Spatial resampling for Tidy Tuesday
Geographic data is special when it comes to, well, basically everything.
suppressMessages(library(tidyverse))
suppressMessages(library(tidymodels))
data("lsl", package = "spDataLarge")
landslides <- as_tibble(lsl)
landslides
## # A tibble: 350 x 8
## x y lslpts slope cplan cprof elev log10_carea
## <dbl> <dbl> <fct> <dbl> <dbl> <dbl> <dbl> <dbl>
## 1 715078. 9558647. FALSE 37.4 0.0205 0.00866 2477. 2.61
## 2 713748. 9558047. FALSE 41.7 -0.0241 0.00679 2486. 3.07
## 3 712508. 9558887. FALSE 20.0 0.0390 0.0147 2142. 2.29
## 4 713998. 9558187. FALSE 45.8 -0.00632 0.00435 2391. 3.83
## 5 714308. 9557307. FALSE 41.7 0.0423 -0.0202 2570. 2.70
## 6 713488. 9558117. FALSE 52.9 0.0323 0.00703 2418. 2.48
## 7 714948. 9558347. FALSE 51.9 0.0399 0.000791 2546. 3.15
## 8 714678. 9560357. FALSE 38.5 0.0164 0.0299 1932. 3.26
## 9 714368. 9560287. FALSE 24.1 -0.0188 -0.00956 2059. 3.20
## 10 712528. 9559217. FALSE 50.5 0.0142 0.0151 1973. 2.60
## # ... with 340 more rows
How are these landslides (plus not landslides) distributed in this area?
theme_set(theme_light())
ggplot(landslides, aes(x, y)) +
stat_summary_hex(aes(z = elev), alpha = 0.6, bins = 12) +
geom_point(aes(color = lslpts), alpha = 0.7) +
coord_fixed() +
scale_fill_viridis_c() +
scale_color_manual(values = c("gray90", "midnightblue")) +
labs(fill = "Elevation", color = "Landslides?")
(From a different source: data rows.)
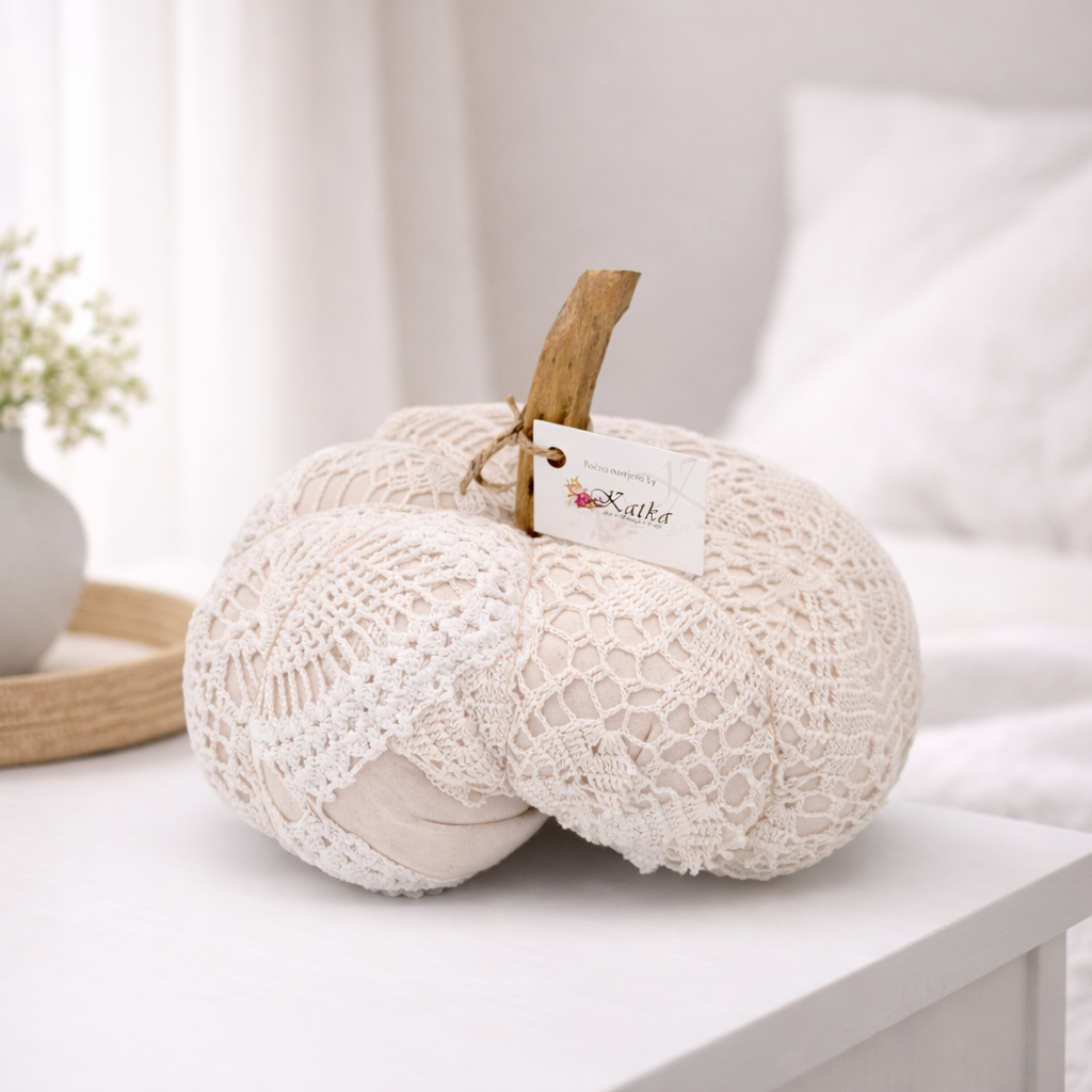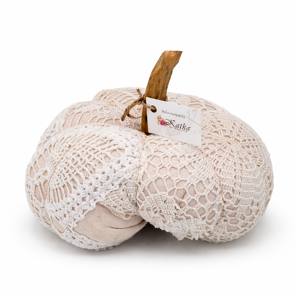 Bučka s čipko je ročno narejen dekorativni izdelek, ki združuje toplino blaga in nežnost čipke. Napolnjena je z mehkim polnilom, ki daje občutek prijetne mehkobe in domačnosti. Vsaka bučka je skrbno sešita in ima naraven pecelj, ki ji dodaja avtentičen videz narave ter poudarja unikatnost ročne izdelave.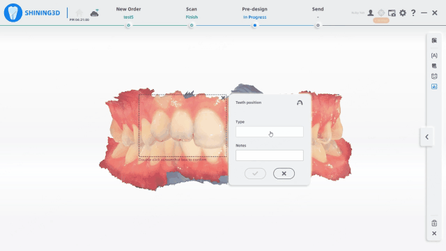 - In the pop-up window, select the tooth position, disease type, and edit notes.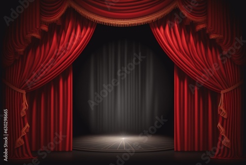 Magic theater stage red curtains Show Spotlight. Generative AI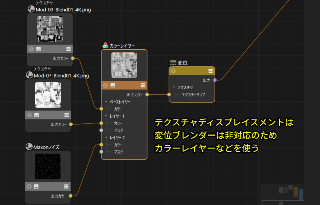 また,現在のところ「変位ブレンダー」によるテクスチャ合成はできません.したがって,カラーレイヤーやカラー合成ノードを用いてテクスチャを合成した結果を変位ノードへ渡して使用します.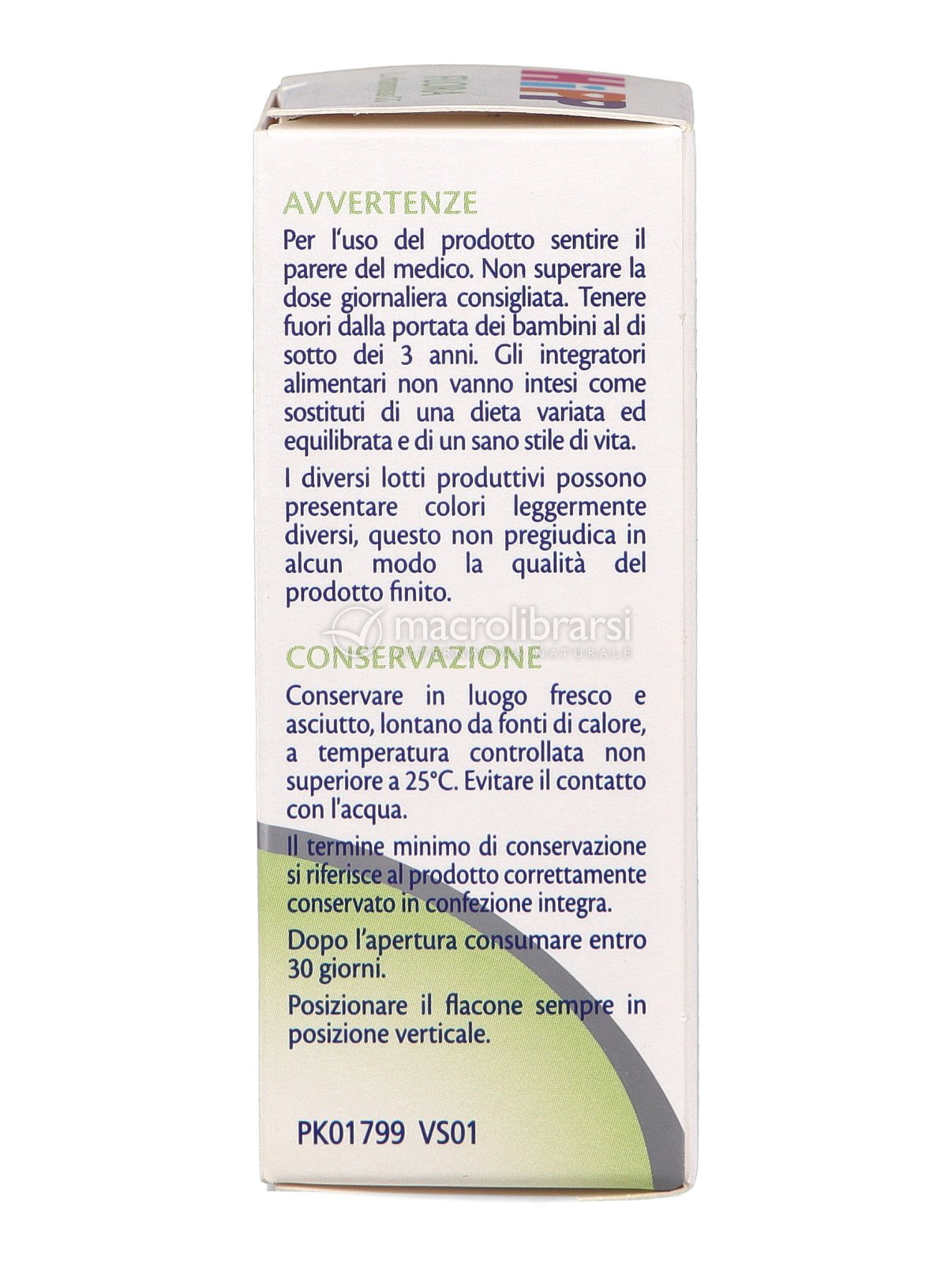 | Disclaimer | Non superare la dose giornaliera consigliata. Gli integratori alimentari non vanno intesi come sostituti di una dieta variata ed equilibrata. Tenere fuori dalla portata dei bambini al di sotto dei tre anni. Non utilizzare in gravidanza e nei bambini o comunque per periodi prolungati senza sentire il parere del medico. Conservare in luogo asciutto e lontano da fonti di calore. Richiudere la confezione dopo l'uso. Macrolibrarsi ricorda l'importanza di seguire uno stile di vita sano e un'alimentazione variata ed equilibrata. |

Use a resampling strategy that accounts for that autocorrelation.
library(spatialsample)
set.seed(123)
good_folds <- spatial_clustering_cv(landslides, coords = c("x", "y"), v = 10)
set.seed(234)
bad_folds <- vfold_cv(landslides, v = 5, strata = lslpts)
bad_folds
## # 5-fold cross-validation using stratification
## # A tibble: 5 x 2
## splits id
## <list> <chr>
## 1 <split [280/70]> Fold1
## 2 <split [280/70]> Fold2
## 3 <split [280/70]> Fold3
## 4 <split [280/70]> Fold4
## 5 <split [280/70]> Fold5
plot_splits <- function(split) {
p <- bind_rows(
analysis(split) %>%
mutate(analysis = "Analysis"),
assessment(split) %>%
mutate(analysis = "Assessment")
) %>%
ggplot(aes(x, y, color = analysis)) +
geom_point(size = 1.5, alpha = 0.8) +
coord_fixed() +
labs(color = NULL)
print(p)
}
walk(good_folds$splits, plot_splits)
walk(bad_folds$splits, plot_splits)
glm_spec <- logistic_reg()
lsl_form <- lslpts ~ slope + cplan + cprof + elev + log10_carea
lsl_wf <- workflow(lsl_form, glm_spec)
doParallel::registerDoParallel(cores = 2)
set.seed(2021)
regular_rs <- fit_resamples(lsl_wf, bad_folds)
set.seed(2021)
spatial_rs <- fit_resamples(lsl_wf, good_folds)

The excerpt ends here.